== Segment start ==

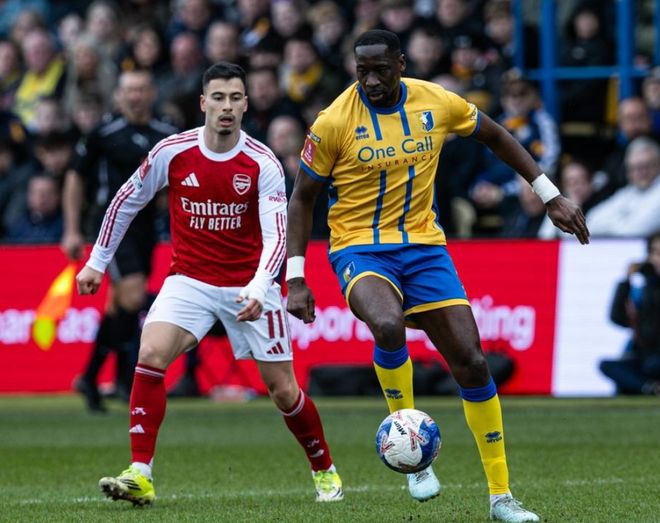 下半场易边再战。50分钟,曼斯菲尔德扳平比分。威尔-埃文斯抢断后带球狂飙,过掉防守球员,杀入禁区,低射破门,一气呵成!双方回到了同一起跑线。第62分钟,阿森纳进行换人调整,埃泽和廷贝尔替补上场,换下哈弗茨和萨蒙。这次换人起到立竿见影的效果。只过了4分钟,替补神兵埃泽就抽射破门,帮助阿森纳再次领先。阿尔特塔真是神换人。第79分钟,麦克劳克林假摔,被出示黄牌。最终,阿森纳2-1淘汰曼斯菲尔德。
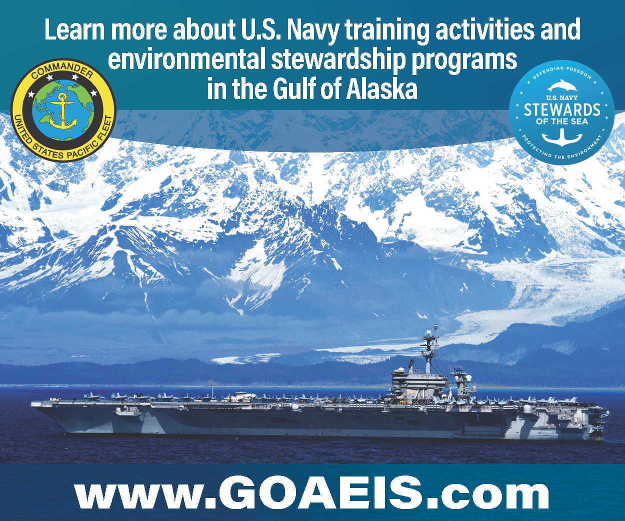 The Gulf of Alaska provides invaluable training space needed to realistically train U.S. service members to protect and defend the United States and its allies. Northern Edge exercises are Alaska’s largest joint training exercises and occur biennially (typically every other year in odd years). The Navy has participated in Northern Edge exercises since the 1990s. During this exercise, the Navy takes actions to avoid or minimize impacts on the marine environment and marine species. The Navy is also a world leader in marine species research and monitoring efforts. To learn more, please visit www.navymarinespeciesmonitoring.us.
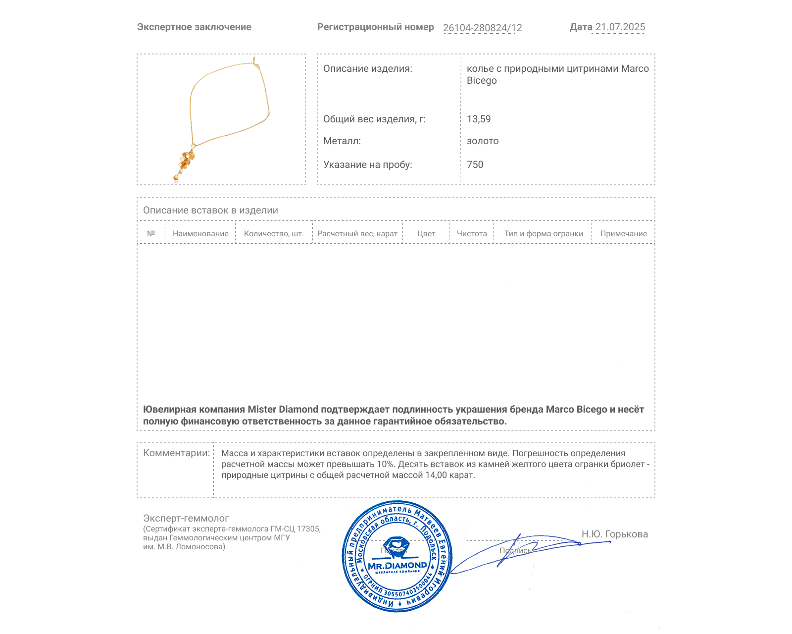 Оригинальное золотое колье с цитринами 14.00ct Marco Bicego 280824/12

== Segment end ==

Brief
Retype, word for word, only the line holding "The Gulf of" and the lines after it through the final line of the listing above, and leave every picture out.

Result of this task
 The Gulf of Alaska provides invaluable training space needed to realistically train U.S. service members to protect and defend the United States and its allies. Northern Edge exercises are Alaska’s largest joint training exercises and occur biennially (typically every other year in odd years). The Navy has participated in Northern Edge exercises since the 1990s. During this exercise, the Navy takes actions to avoid or minimize impacts on the marine environment and marine species. The Navy is also a world leader in marine species research and monitoring efforts. To learn more, please visit www.navymarinespeciesmonitoring.us.
 Оригинальное золотое колье с цитринами 14.00ct Marco Bicego 280824/12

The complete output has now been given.